Maybe I've missed something here (it wouldn't be the first time), but regardless of how much ballast is in a "1 ton" bag mixing a cubic metre of concrete seems like an awful lot of work, even with a mechanical mixer (God forbid you would be thinking of mixing by hand :shock. Is there a particular reason you don't want to simply order in some ready-mix?


----------



## The Bear (4 Jan 2010)

A bulk bag of balast (that you are refering to as a ton bag) contains 0.6 m3 of the stuff. You need 4 bags of cement per bulk bag.

Mark


----------



## Benchwayze (4 Jan 2010)

I have mixed concrete with a hired mixer in the past. First time I did it, I didn't know much about cement and sand etc. So I went to a builders' Merchant, told them what I was doing, and gave them the dimensions.

The guy behind the counter consulted a chart, and told me exactly what I needed and how much to order. I ordered it, and then went home to await delivery. Easy-peezy! 

These days I have a pal who was in the 'Readimix' org. Apparently the subject of concrete fascinates him still, and he seems to have the answers if it's anything to do with concrete. Next time I see him.... :wink: 

Regards 

John


----------



## Dibs-h (4 Jan 2010)

WellsWood":2spcdeg9 said:


> Maybe I've missed something here (it wouldn't be the first time), but regardless of how much ballast is in a "1 ton" bag mixing a cubic metre of concrete seems like an awful lot of work, even with a mechanical mixer (God forbid you would be thinking of mixing by hand :shock. Is there a particular reason you don't want to simply order in some ready-mix?

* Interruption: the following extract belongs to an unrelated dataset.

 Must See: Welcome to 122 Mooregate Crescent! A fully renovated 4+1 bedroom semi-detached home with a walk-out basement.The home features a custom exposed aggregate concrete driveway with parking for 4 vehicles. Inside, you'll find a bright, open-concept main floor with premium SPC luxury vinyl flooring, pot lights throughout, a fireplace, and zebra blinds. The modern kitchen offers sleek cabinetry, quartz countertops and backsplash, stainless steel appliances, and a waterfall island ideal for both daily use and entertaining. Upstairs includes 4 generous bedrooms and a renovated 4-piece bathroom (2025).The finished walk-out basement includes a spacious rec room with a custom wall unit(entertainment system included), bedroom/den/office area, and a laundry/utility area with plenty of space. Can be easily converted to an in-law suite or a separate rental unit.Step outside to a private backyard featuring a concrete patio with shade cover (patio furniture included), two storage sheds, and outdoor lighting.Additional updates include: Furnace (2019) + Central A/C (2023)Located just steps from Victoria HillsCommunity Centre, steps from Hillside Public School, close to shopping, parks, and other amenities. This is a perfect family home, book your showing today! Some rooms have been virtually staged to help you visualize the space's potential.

I'd 2nd that - having mixed up the odd M3 of concrete, I would heartily recommend not doing it by hand\mixer. I'd either use ReadyMix or one of the barrow outfits.

By the way - even a petrol\electric mixer will only mix about 70-80L, so that's a lot of mixes.

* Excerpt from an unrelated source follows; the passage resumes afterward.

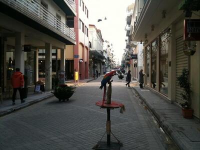 Είναι ίσως ο πιο τυχερός και απολαμβάνει την πεζοδρόμηση της Ρήγα Φεραίου περισσότερο από όλους. Ο γνωστός παπαγάλος ΚΟΚΟΣ, δεν κινδυνεύει πλέον από τα αυτοκίνητα και τα νεύρα οδηγών και περαστικών, που δεν έβλεπαν με συμπάθεια τον ελάχιστο χώρο που καταλαμβάνει.

Although I suppose if you already have a mixer and a spare Sat or Sun - then what the hell - give it a go.


----------



## JMcK (4 Jan 2010)

Dibs-h":7qeipc66 said:


> By the way - even a petrol\electric mixer will only mix about 70-80L, so that's a lot of mixes.



I have a fairly small electric one which mixes 130L. 

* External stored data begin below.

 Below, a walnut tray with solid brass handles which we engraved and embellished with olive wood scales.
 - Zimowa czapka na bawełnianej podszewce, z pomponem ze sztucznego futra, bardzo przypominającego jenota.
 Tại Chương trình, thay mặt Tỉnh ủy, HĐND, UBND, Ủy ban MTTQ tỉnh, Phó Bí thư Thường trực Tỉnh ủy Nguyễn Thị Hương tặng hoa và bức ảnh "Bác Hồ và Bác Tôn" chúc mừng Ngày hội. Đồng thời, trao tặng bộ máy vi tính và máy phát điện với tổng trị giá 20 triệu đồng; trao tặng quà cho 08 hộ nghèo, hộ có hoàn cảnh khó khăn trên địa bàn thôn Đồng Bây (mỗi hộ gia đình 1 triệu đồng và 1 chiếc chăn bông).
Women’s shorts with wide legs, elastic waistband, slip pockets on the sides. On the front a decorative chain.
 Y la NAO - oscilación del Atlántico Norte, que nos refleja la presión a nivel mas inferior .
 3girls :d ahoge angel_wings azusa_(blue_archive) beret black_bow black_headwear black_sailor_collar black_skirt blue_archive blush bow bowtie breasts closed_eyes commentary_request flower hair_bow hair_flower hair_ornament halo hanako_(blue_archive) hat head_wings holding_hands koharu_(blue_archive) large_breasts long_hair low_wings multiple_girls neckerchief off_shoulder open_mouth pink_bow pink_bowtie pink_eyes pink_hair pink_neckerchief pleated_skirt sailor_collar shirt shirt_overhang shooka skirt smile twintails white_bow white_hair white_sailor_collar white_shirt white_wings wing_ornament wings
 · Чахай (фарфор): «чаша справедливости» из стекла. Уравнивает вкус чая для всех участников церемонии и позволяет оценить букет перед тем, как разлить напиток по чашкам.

For bigger jobs I use one on the back of the tractor. :wink:


----------



## ninjabika (4 Jan 2010)

WellsWood":30buwn7s said:


> Maybe I've missed something here (it wouldn't be the first time), but regardless of how much ballast is in a "1 ton" bag mixing a cubic metre of concrete seems like an awful lot of work, even with a mechanical mixer (God forbid you would be thinking of mixing by hand :shock. Is there a particular reason you don't want to simply order in some ready-mix?



HI

no particular reasom why i was looking into quantaties, will probobly go the ready mix route anyway , i just like to weigh up all my options.


martin


----------